Now over 30 years old, the UNIX command line utilities sed and awk are useful tools for cleaning up and manipulating data. In their Taxonomy of Data Science, Hilary Mason and Chris Wiggins note that when cleaning data, "Sed, awk, grep are enough for most small tasks, and using either Perl or Python should be good enough for the rest." A little aptitude with command line tools can go a long way.

sed is a stream editor: it operates on data in a serial fashion as it reads it. You can think of sed as a way to batch up a bunch of search and replace operations that you might perform in a text editor. For instance, this command will replace all instances of "foo" with "bar" within a file:
sed -e 's/foo/bar/g' myfile.txt
Anybody who has used regular expressions within a text editor or 
programming language
will find sed easy to grasp. Awk takes a 
little more getting used
to. A record-oriented tool, awk is the right tool to use when 
your data contains
delimited fields that you want to manipulate.

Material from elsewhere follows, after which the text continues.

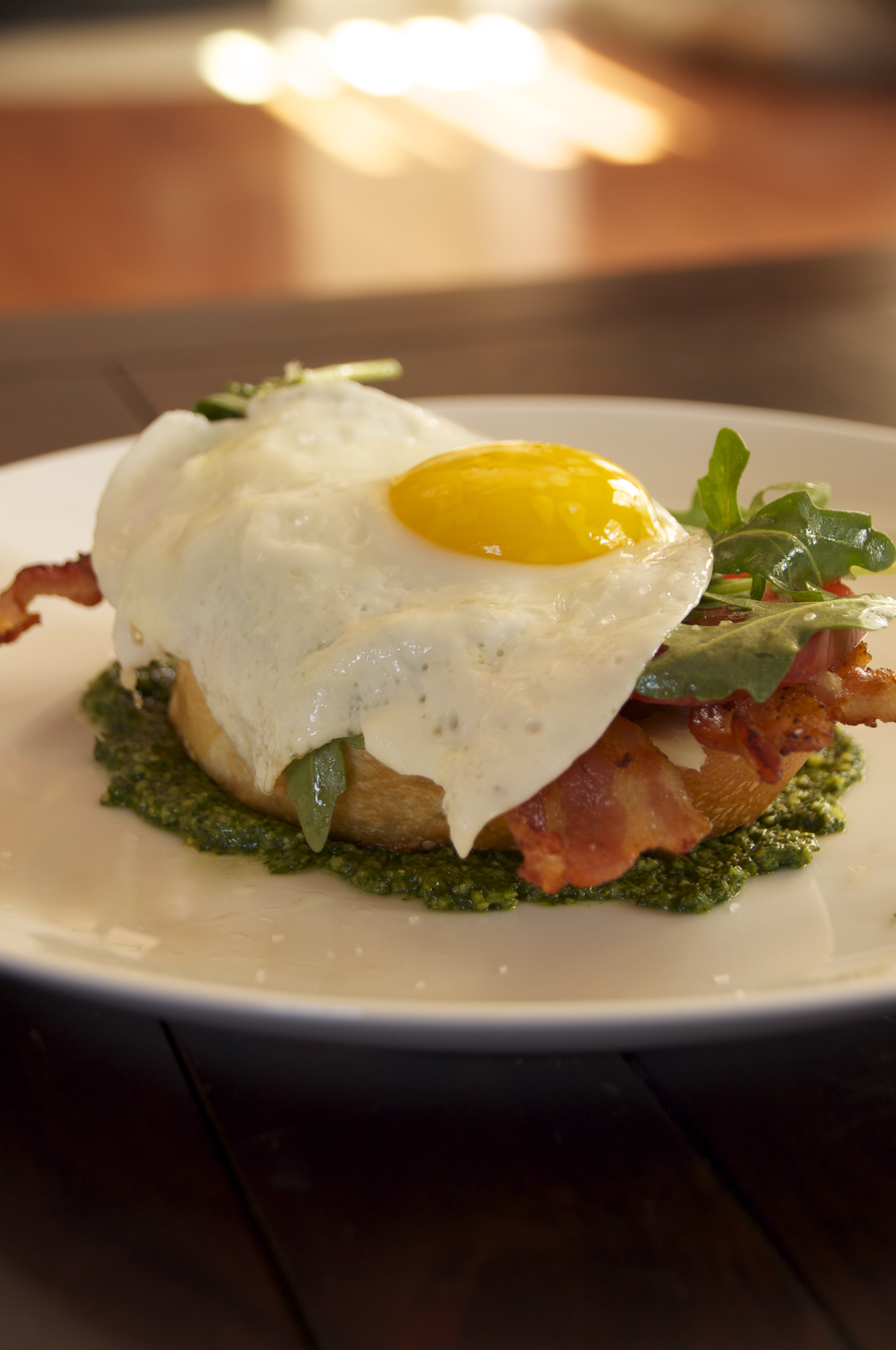 Slather the bottom of your plate with pesto. Place toasted bread on top. Then add manchego cheese, bacon, tomato slices, arugula, and egg. Finish with a pinch of sea salt or kosher salt on the egg. Enjoy!

Consider this list of names, which we'll imagine lives in the file presidents.txt.
George Washington
John Adams
Thomas Jefferson
James Madison
James Monroe
To extract just the first names, we can use the following command:
$ awk '{ print $1 }' presidents.txt
George
John
Thomas
James
James
Or, to just find those records with "James" as the first name:
$ awk '$1 ~ /James/ { print }' presidents.txt
James Madison
James Monroe
Awk can do a lot more, and features programming concepts such as 
variables, conditionals
and loops. But just a basic grasp of how to match and extract fields 
will get you far.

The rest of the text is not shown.